Diario de Japón, María José Ferrada
Este Diario de Japón es la experiencia de María con lo japonés, sobre todo con escritores japoneses,
pero es más que esto. Discúlpenme, soy demasiado sintética. Para mí, Japón es
un país lleno de contrastes donde conviven la naturaleza bucólica y la ciudad enajenada.
El deseo de aislamiento y el de apertura al mundo. Lo zen y lo neurótico. En
todas las sociedades están presentes estos contrastes, no sé por qué cuando
pienso en Japón y cuando María nos abre este Diario, las contradicciones se me
hacen tan grandes.
Para escribir este comentario, primero traté de
detenerme en el más absurdo de uno de estos dos extremos. Juro que lo hice, pero
no pude resistirlo. El libro de María José Ferrada, en cambio, permite
atravesar el alma japonesa de manera más sutil. Por ejemplo, yo traté de pensar en quienes estaban
detrás de esos relojes que se detuvieron en el momento exacto en que explotó la
bomba en Hiroshima ese 6 de agosto de 1945, a las 8:15, causando tanto
sufrimiento en las personas que lo padecieron. Fue como si me hubiera asomado a
un abismo. Lo mismo cuando explotaron los reactores nucleares de la central de
Fukushima luego del terremoto del 2011. Lo mismo cuando pienso en las ciudades
hiper tecnologizadas, hiper productivas y neuróticas de las sociedades modernas
sean japonesas o no. Un abismo. De solo pensarlo me dolía. Y me vuelve a doler incluso
en este momento cuando escribo estas líneas. En alguna parte de mi cuerpo se había alojado una congoja
que me impregnaba toda. Recordé, entonces, unas palabras que Kenzaburo Oé pone
de relieve en uno de los capítulos de su libro Un amor especial, cuando nos cuenta de su trabajo junto al doctor Shigeto en el Hospital
de la Bomba Atómica de Hiroshima, unas palabras que le habían sido dadas por el
profesor Kazuo Watanabe. La idea es la siguiente: ante las acciones de la
humanidad “ni demasiada esperanza ni demasiada desesperación”. Con estas palabras en la mente salí a caminar por
un parque cercano a mi casa, para liberar la angustia que se había apoderado de
mí, respirando y exhalando tranquila y conscientemente, tratando de que la opresión
que sentía en el pecho se disipase. Insisto,
no me sucedió esto cuando leía Diario de Japón sino cuando traté de pensar en los japoneses y lo que habían vivido.

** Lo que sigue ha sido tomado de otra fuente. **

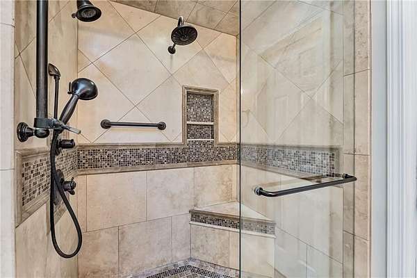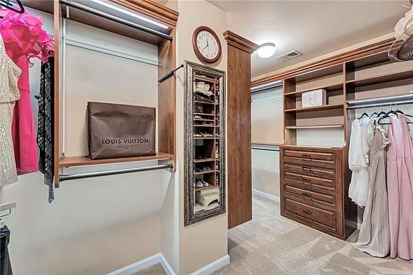 On the second level, the spacious primary suite includes a luxurious bathroom with travertine flooring, cherry cabinets, granite counters, a frameless shower, and a spa-style soaking champagne bubbler tub. The walk-in closet has custom cabinetry and even lock and key drawers. There are 3 additional bedrooms and a large bathroom on the upper level.

No pude seguir escribiendo hasta el día siguiente
cuando me posicioné en la otra esquina del péndulo. Entonces apareció la imagen
de la naturaleza con sus ciclos y su, en cierta forma, sabiduría. En todo caso,
su belleza. Por ejemplo una noche fría cuando la luna llena aparece detrás de
unas nubes y su luz se refleja en la nieve blanquísima, o unas copas frondosas
pero de hojas rojas de Acer japonicum en el otoño, o en primavera, una avenida larga plantada de cerezos en
flor.
Del Diario de Japón me gustaría rescatar el siguiente episodio. María lo relata más o
menos así: Un hombre sube a un vagón, al mismo vagón entra una niña de unos
trece o catorce años, quien se sienta cerca del hombre. La niña parece una
campesina con su peinado en forma de hojas de ginkgo, sus mejillas un poco
resecas y un pañuelo sobre sus rodillas. En su mano aprieta fuerte el boleto de
tercera clase. El tren atraviesa túneles y luego vuelve al aire libre. El
hombre trata de leer un periódico para olvidar la presencia de la niña.
Entonces la realidad abre una fisura. La niña forcejea con la ventana, pero el
vidrio es pesado y apenas puede moverlo, las manos de la niña tienen sabañones.
Después de varios intentos la ventana cede y se abre. El hombre tose y la
muchacha saca la cabeza. El tren entonces pasa por un arrabal, donde tres niños
de mejillas rojas lo esperan, son pequeños y llevan ropas viejas. La muchacha
se asoma por la ventana y ve a los niños, luego desata el pañuelo que lleva
sobre las piernas y saca de él media docena de mandarinas que lanza por la
ventana. Los niños levantan las manos y las cogen, gritando. Unas mandarinas
vuelan sobre sus cabezas e iluminan la tarde.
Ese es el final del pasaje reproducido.